Three-dimensional images of muscle cells in a zebrafish embryo allow researchers to compare fast muscle cells (in red) with slow muscle cells (in blue) to determine the number and the amount of specific proteins required to repair defective muscle.

Image courtesy of Clarissa Henry
 

Researching the role of fibronectin

Molecular biology and biochemistry major Chelsi Snow wanted to pursue a career in the natural sciences because it was the most expedient and obvious way to contribute to society.
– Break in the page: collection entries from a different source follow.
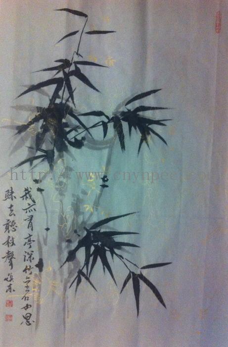 云南普洱茶信息网推荐·茶人书画家·耕田之子·丁焕东先生作品·竹图·中堂1
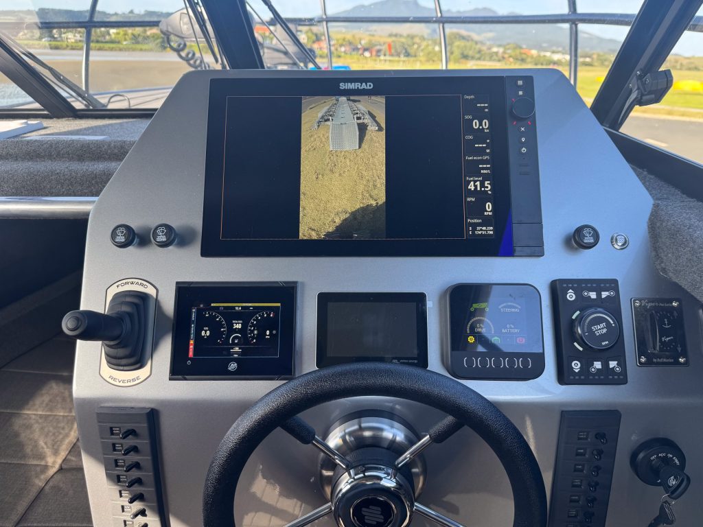 The electronics on this vessel are comprehensive. A 16-inch Simrad NS 4 MFD displays sonar, Radar and GPS, along with Simrad autopilot, a full suite of Mercury engine data and the video feed form the bow camera, necessary to show the way ahead over the high bow when operating on land.
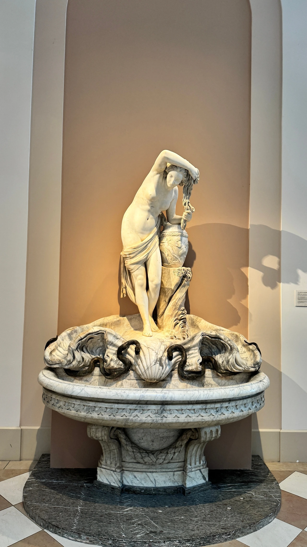 머리카락을 짜는 님프의 풍만한 여체와 부드러운 대리석의 질감에 매혹되어 홀린 듯 다가갔을 때, 저는 님프가 손을 얹은 항아리에 새겨진 사티로스의 거친 추격전과 분수 바닥에서 저를 노려보는 사실적인 청동 뱀들을 발견했습니다. 그것은 관람객인 저에게 건네는 서늘한 경고였습니다. "아름다움은 결코 함부로 범접할 수 있는 것이 아니며, 신성한 영역에는 그에 마땅한 수호자가 있다"는 선언처럼 느껴졌습니다. 님프의 평온함과 뱀들의 날카로움이 빚어내는 이 긴장감 넘치는 대조는, 예술이 우리에게 주는 경탄이 단순히 시각적인 즐거움에 그치는 것이 아니라 깊은 경외심(Awe)을 동반해야 함을 일깨워주었습니다.
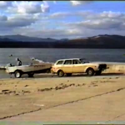 Car with boat attached parked on beach. Man slams car door, car & boat roll backwards & slide into river. Possible set up.
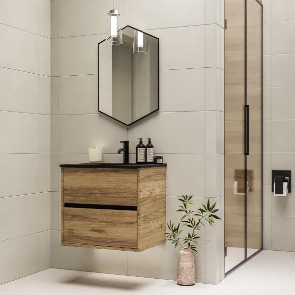 600mm Wood Effect Wall Hung Vanity Unit with Matt Black Basin – Roxbi

"Everyone has, directly or indirectly, been touched by congenital disease," says Snow, who will be starting her fourth year as an undergraduate researcher in the lab of Assistant Professor of Biological Sciences Clarissa Henry. "Cancer and cardiovascular and neuromuscular diseases affect the patients, as well as their families and friends. This is why I am particularly interested in scientific laboratory research with direct and clear applications to human disease."

Snow coauthored a recent paper, submitted for publication to the journal Developmental Biology, investigating the role of the protein fibronectin in the growth of muscle cells. Her role in that project helped her earn a Barry Goldwater Scholarship for undergraduate research. Snow is one of only 300 students nationwide to receive the scholarship, which will fund the next phase of her project.

"Muscle cells normally have a certain limit or boundary that they grow to, but we observed cells that went beyond those boundaries in the absence of the fibronectin protein," says Snow. "I want to see what might be going on in the extracellular matrix that influences cell invasive behavior and how this protein plays a role in growth."

Snow will use the zebrafish research techniques pioneered by Henry to develop a new line of zebrafish that break down fibronectin at an increased rate, offering new insights into the role the protein plays in cell growth.

This summer, Snow also will work with scientists at the Mount Desert Island Biological Research Laboratory in Bar Harbor, just as UMaine's other Goldwater award recipient this year, Benjamin Burpee, did in 2006. Both Snow and Burpee are participants in the Maine IDeA Network of Biomedical Research Excellence, an organization affiliated with the National Institutes of Health. The goal of the network is to strengthen Maine's capacity to conduct competitive biomedical research.